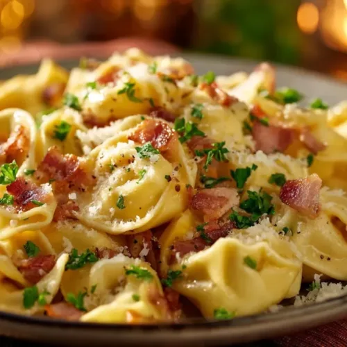 Serve: Plate the creamy tortellini carbonara immediately and garnish generously with chopped parsley to add a fresh touch.
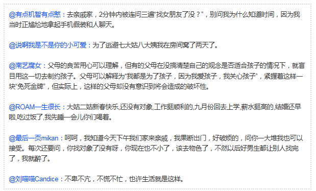 “相亲”这一话题引发的舆论情绪反应较为复杂,与之相关的正面情绪占比仅为64.5%,负面情绪占比为22.1%,显示出这一话题的敏感性,舆论场也出现了诸如“怕面对七大姑八大姨”“每逢佳节被相亲”“中国式相亲”等吐槽话语,客观反映了不少网民的纠结心态。
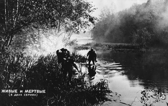 Олоновский снял фильм подчеркнуто сдержанно, с почти пуританской простотой, умело оперируя движением камеры и ни на минуту не выпуская, выдвигая на первый план актера, его лицо, его глаза. Организуя кадр, художник Ст. Волков порой, на мой взгляд, приближается к кинохронике тех лет, но вместе с тем каждая деталь фильма строго продумана. Мы решили снимать фильм «Живые и мертвые» без музыки — нам казалось, что музыка нарушит правдивость происходящего на экране, внесет определенную условность. ‹…›
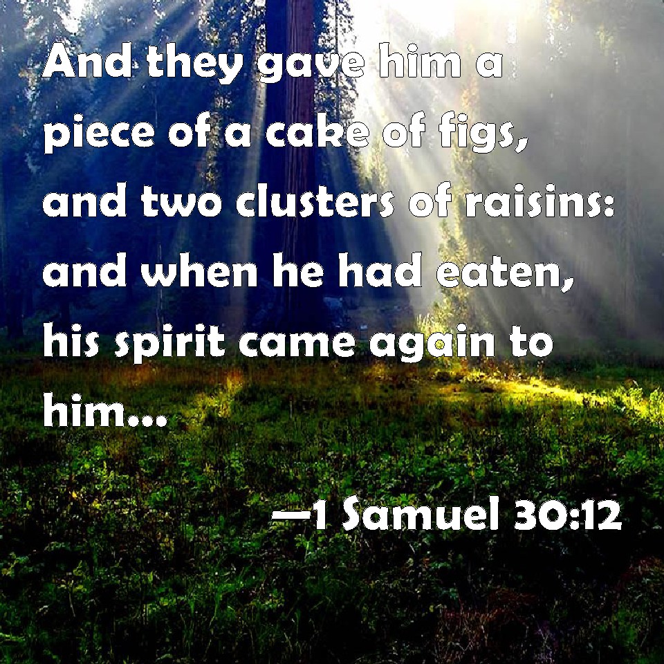 Choose a Background 1 Samuel 30:12 And they gave him a piece of a cake of figs, and two clusters of raisins: and when he had eaten, his spirit came again to him: for he had eaten no bread, nor drunk any water, three days and three nights. KJV: And they gave him a piece of a cake of figs, and two clusters of raisins: and when he had eaten, his spirit came again to him: for he had eaten no bread, nor drunk any water, three days and three nights. DRB: As also a piece of a cake of figs, and two bunches of raisins. And when he had eaten them his spirit returned, and he was refreshed: for he had not eaten bread, nor drunk water three days, and three nights. DBT: and gave him a piece of fig-cake and two raisin-cakes, and he ate, and his spirit came again to him; for he had eaten no bread, nor drunk any water, for three days and three nights. ERV: And they gave him a piece of a cake of figs, and two clusters of raisins; and when he had eaten, his spirit came again to him: for he had eaten no bread, nor drunk any water, three days and three nights. WBT: And they gave him a piece of a cake of figs, and two clusters of raisins: and when he had eaten, his spirit came again to him: for he had eaten no bread, nor drank any water, three days and three nights. WEB: They gave him a piece of a cake of figs, and two clusters of raisins. when he had eaten, his spirit came again to him; for he had eaten no bread, nor drunk any water, three days and three nights. YLT: and give to him a piece of a bunch of dried figs, and two bunches of raisins, and he eateth, and his spirit returneth unto him, for he hath not eaten bread nor drunk water three days and three nights.Links 1 Samuel 30:12 NIV • 1 Samuel 30:12 NLT • 1 Samuel 30:12 ESV • 1 Samuel 30:12 NASB • 1 Samuel 30:12 KJV • 1 Samuel 30:12 Interlinear • 1 Samuel 30:12 Commentaries • 1 Samuel 30:12 Parallel Texts • 1 Samuel 30:12 Bible Apps • 1 Samuel 30:12 Parallel • Bible Hub |
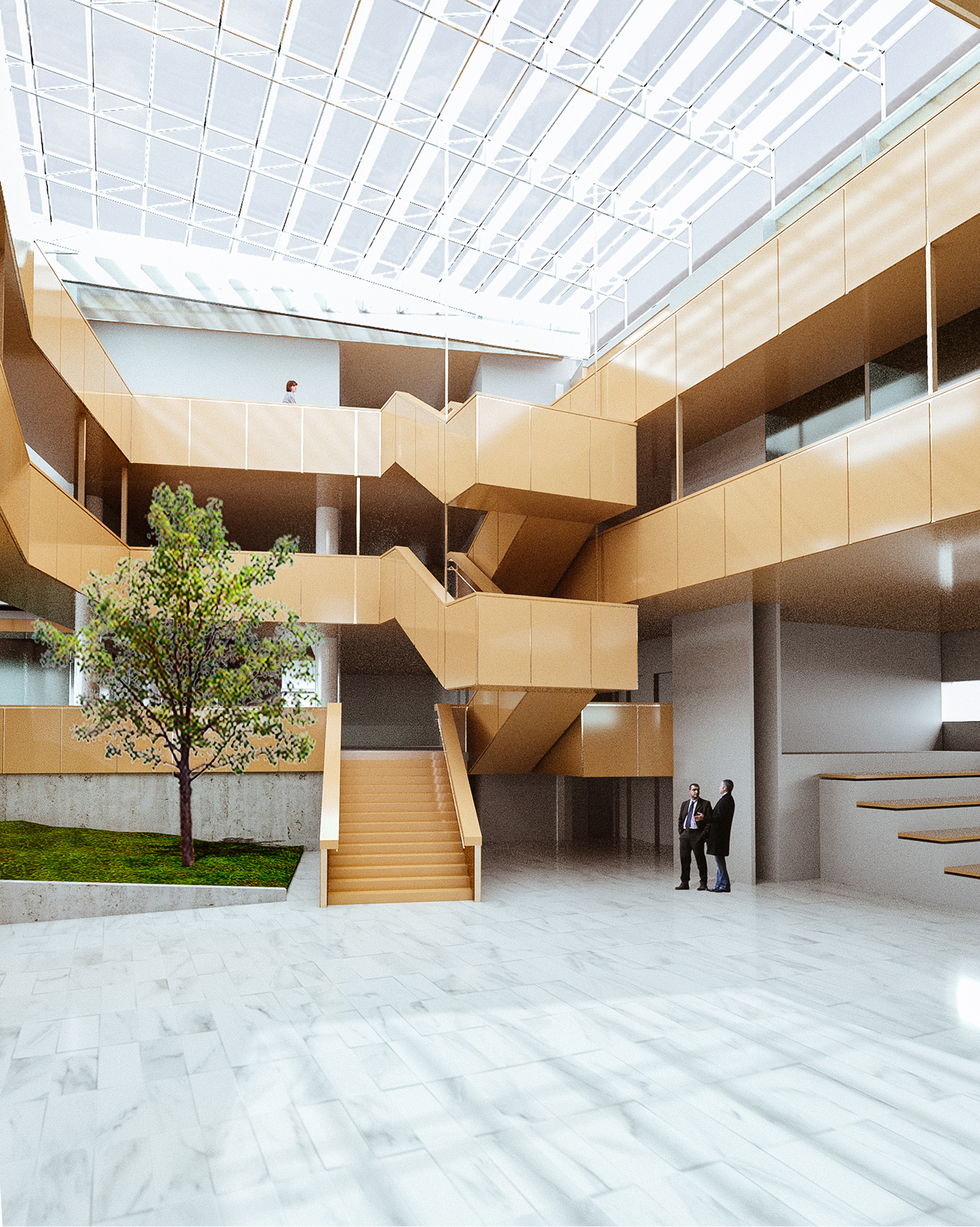 At the entrance level are located the main reception, from where the movements are distributed, and the meeting rooms. At the level of the double-heighted atrium are located the event and dining rooms which could be extended on a case-by-case basis to the atrium, composing a large event space. At the 1st and 2nd floor there are offices and conference rooms. The circulation inside the building takes place through a central staircase inside the atrium and corridors around it.
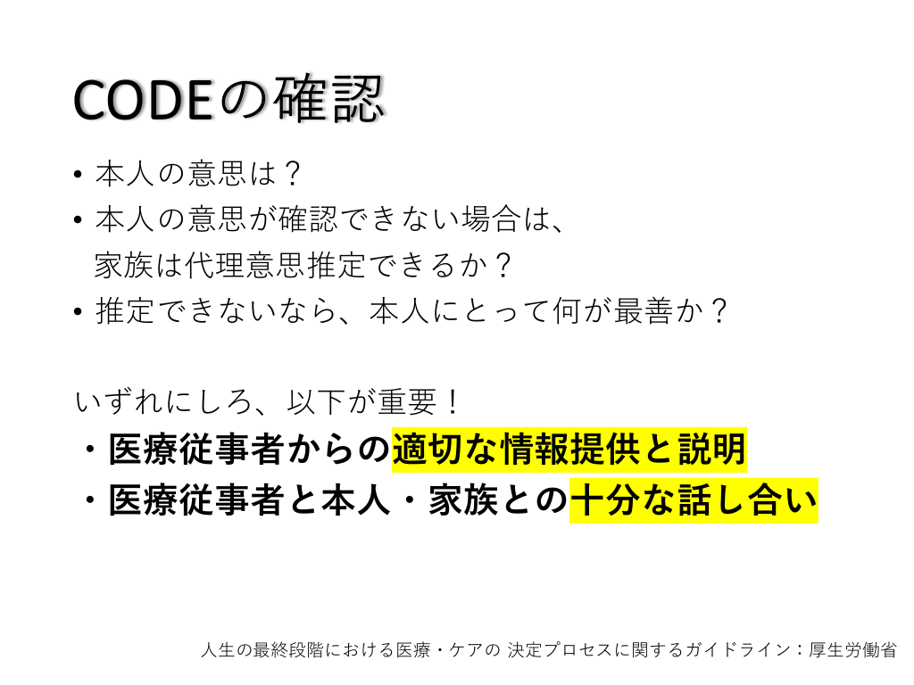 #27. CODEの確認 • 本⼈の意思は? • 本⼈の意思が確認できない場合は、 家族は代理意思推定できるか? • 推定できないなら、本⼈にとって何が最善か? いずれにしろ、以下が重要! ・医療従事者からの適切な情報提供と説明 ・医療従事者と本⼈・家族との⼗分な話し合い ⼈⽣の最終段階における医療・ケアの 決定プロセスに関するガイドライン:厚⽣労働省
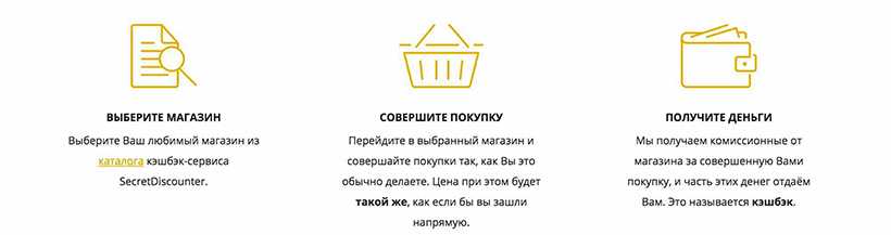 Принципиальных отличий того же SecretDiscounter от банковских карточек два: процент возврата (в кэшбэк-сервисах можно вернуть до 40% с каждой покупки, в то время как по банковским карточкам максимум 1-1,5%) и любая форма оплаты (в случае с кэшбэк-сайтом вы не привязаны к конкретной форме оплаты: платите карточкой, наличными, безналом, электронными деньгами).
────────────────────
ABOUT THIS EXERCISE - Type the entries again verbatim. Any pictures should be skipped.

REPLY TO THE EXERCISE -
 Serve: Plate the creamy tortellini carbonara immediately and garnish generously with chopped parsley to add a fresh touch.
 “相亲”这一话题引发的舆论情绪反应较为复杂,与之相关的正面情绪占比仅为64.5%,负面情绪占比为22.1%,显示出这一话题的敏感性,舆论场也出现了诸如“怕面对七大姑八大姨”“每逢佳节被相亲”“中国式相亲”等吐槽话语,客观反映了不少网民的纠结心态。
 Олоновский снял фильм подчеркнуто сдержанно, с почти пуританской простотой, умело оперируя движением камеры и ни на минуту не выпуская, выдвигая на первый план актера, его лицо, его глаза. Организуя кадр, художник Ст. Волков порой, на мой взгляд, приближается к кинохронике тех лет, но вместе с тем каждая деталь фильма строго продумана. Мы решили снимать фильм «Живые и мертвые» без музыки — нам казалось, что музыка нарушит правдивость происходящего на экране, внесет определенную условность. ‹…›
 Choose a Background 1 Samuel 30:12 And they gave him a piece of a cake of figs, and two clusters of raisins: and when he had eaten, his spirit came again to him: for he had eaten no bread, nor drunk any water, three days and three nights. KJV: And they gave him a piece of a cake of figs, and two clusters of raisins: and when he had eaten, his spirit came again to him: for he had eaten no bread, nor drunk any water, three days and three nights. DRB: As also a piece of a cake of figs, and two bunches of raisins. And when he had eaten them his spirit returned, and he was refreshed: for he had not eaten bread, nor drunk water three days, and three nights. DBT: and gave him a piece of fig-cake and two raisin-cakes, and he ate, and his spirit came again to him; for he had eaten no bread, nor drunk any water, for three days and three nights. ERV: And they gave him a piece of a cake of figs, and two clusters of raisins; and when he had eaten, his spirit came again to him: for he had eaten no bread, nor drunk any water, three days and three nights. WBT: And they gave him a piece of a cake of figs, and two clusters of raisins: and when he had eaten, his spirit came again to him: for he had eaten no bread, nor drank any water, three days and three nights. WEB: They gave him a piece of a cake of figs, and two clusters of raisins. when he had eaten, his spirit came again to him; for he had eaten no bread, nor drunk any water, three days and three nights. YLT: and give to him a piece of a bunch of dried figs, and two bunches of raisins, and he eateth, and his spirit returneth unto him, for he hath not eaten bread nor drunk water three days and three nights.Links 1 Samuel 30:12 NIV • 1 Samuel 30:12 NLT • 1 Samuel 30:12 ESV • 1 Samuel 30:12 NASB • 1 Samuel 30:12 KJV • 1 Samuel 30:12 Interlinear • 1 Samuel 30:12 Commentaries • 1 Samuel 30:12 Parallel Texts • 1 Samuel 30:12 Bible Apps • 1 Samuel 30:12 Parallel • Bible Hub |
 At the entrance level are located the main reception, from where the movements are distributed, and the meeting rooms. At the level of the double-heighted atrium are located the event and dining rooms which could be extended on a case-by-case basis to the atrium, composing a large event space. At the 1st and 2nd floor there are offices and conference rooms. The circulation inside the building takes place through a central staircase inside the atrium and corridors around it.
 #27. CODEの確認 • 本⼈の意思は? • 本⼈の意思が確認できない場合は、 家族は代理意思推定できるか? • 推定できないなら、本⼈にとって何が最善か? いずれにしろ、以下が重要! ・医療従事者からの適切な情報提供と説明 ・医療従事者と本⼈・家族との⼗分な話し合い ⼈⽣の最終段階における医療・ケアの 決定プロセスに関するガイドライン:厚⽣労働省
 Принципиальных отличий того же SecretDiscounter от банковских карточек два: процент возврата (в кэшбэк-сервисах можно вернуть до 40% с каждой покупки, в то время как по банковским карточкам максимум 1-1,5%) и любая форма оплаты (в случае с кэшбэк-сайтом вы не привязаны к конкретной форме оплаты: платите карточкой, наличными, безналом, электронными деньгами).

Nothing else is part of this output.